Let them know you’re unhappy with the situation, but be polite and reasonable.
One way of saying it is: “I understand that the problems with my reservation aren’t your fault, but I’m not happy with how you’re speaking to me. We’re both humans, and respect goes both ways.”
Some might brush it off and keep up the bad mood. Others might realize that they let their emotions take over and apologize.
If not, move to point number two.
2. Ask for a Different Staff Member
If your tolerance for rudeness isn’t high, and you can’t just brush it off, you might have skipped step one and immediately asked for a different staff member.
Having someone else assist you can help you avoid unnecessary conflict, which is the last thing you want if you want an issue resolved.
When asking for a different staff member, you can say something like: “I appreciate you’re doing all you can; however, is there another person who can help me with this problem?”
If they don’t respond or say no for some weird reason, you may have to wait until there’s someone else available.
Otherwise, ask to speak to their supervisor.
If the rude staff member responds positively, follow it up with a “thank you.”
3. Take the Issue Upstairs
“May I speak to your manager?” is one of the most popular phrases in the world of customer service.
It’s become associated with overly demanding customers who aren’t being respectful; however, it’s a legitimate course of action if there is actually an issue that needs to be resolved.
There are rare instances when the manager is just as rude as their staff (and the conclusion is, you know where they get it from).
Generally speaking, however, in the hotel industry, management will almost always try to solve your problem.
This could mean having someone else assist you or giving you some kind of refund as an apology for bad service.
Be truthful when explaining the situation to the supervisor – the goal is getting your problem solved, not causing drama, so keep your eye on the prize and your words kind.
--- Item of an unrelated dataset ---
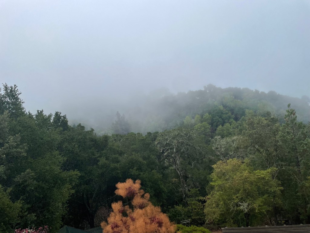 Seven AM and fog still clings to the coastal hills. It’s 54 degrees out there folks!

4. Take Your Business Elsewhere
If you’re a regular visitor to the hotel, taking your business elsewhere is likely your last choice.
For some people, however, it’s their first or second option (after asking for other staff or speaking to the manager). In such situations, it might be their first visit, and they don’t see the need for further discussion.
However, if it’s your favorite hotel, you’re probably more willing to give them a second, third, or maybe even fourth chance.
So if you’re actually willing to walk away, the service must be truly insufferable.
Whether you want to express your reason for leaving is up to you, but do leave respectfully.
You can choose to leave feedback or reviews at a later time.
5. Report the Issue in Writing
You may want to give feedback depending on how badly you were treated and what the outcome was.
After all, the only way for customer service to improve is if the hotel is made aware of serious issues.
Hotels have different ways for customers to submit feedback.
One is Twitter, the modern-day customer service platform, and it’s usually the fastest way to receive a response.
You can also leave public reviews on sites like Google Maps, booking.com, Expedia, and others. The hotel will see these and may contact you directly to see what they can do.
Another way to leave feedback is via email, which you can find on the hotel’s website. They might even have an email address dedicated to customer service or feedback.
A more old-school method is the hotel suggestion box, which is the best route if you want to remain anonymous.
Most hotels check submissions, but you probably won’t receive a reply even if you choose to leave contact information.
Regardless of how you leave feedback, keep it short, respectful, and truthful.
Staff members in the hotel industry are rarely disrespectful, especially if the hotel is high class or well-known. That said, sometimes it does happen.
When you’re unfortunate enough to experience rude staff, I suggest dealing with the issue politely as you increase your chances of receiving better service.
If you’re still unsatisfied, speak to management, leave respectfully, and share your experience in writing.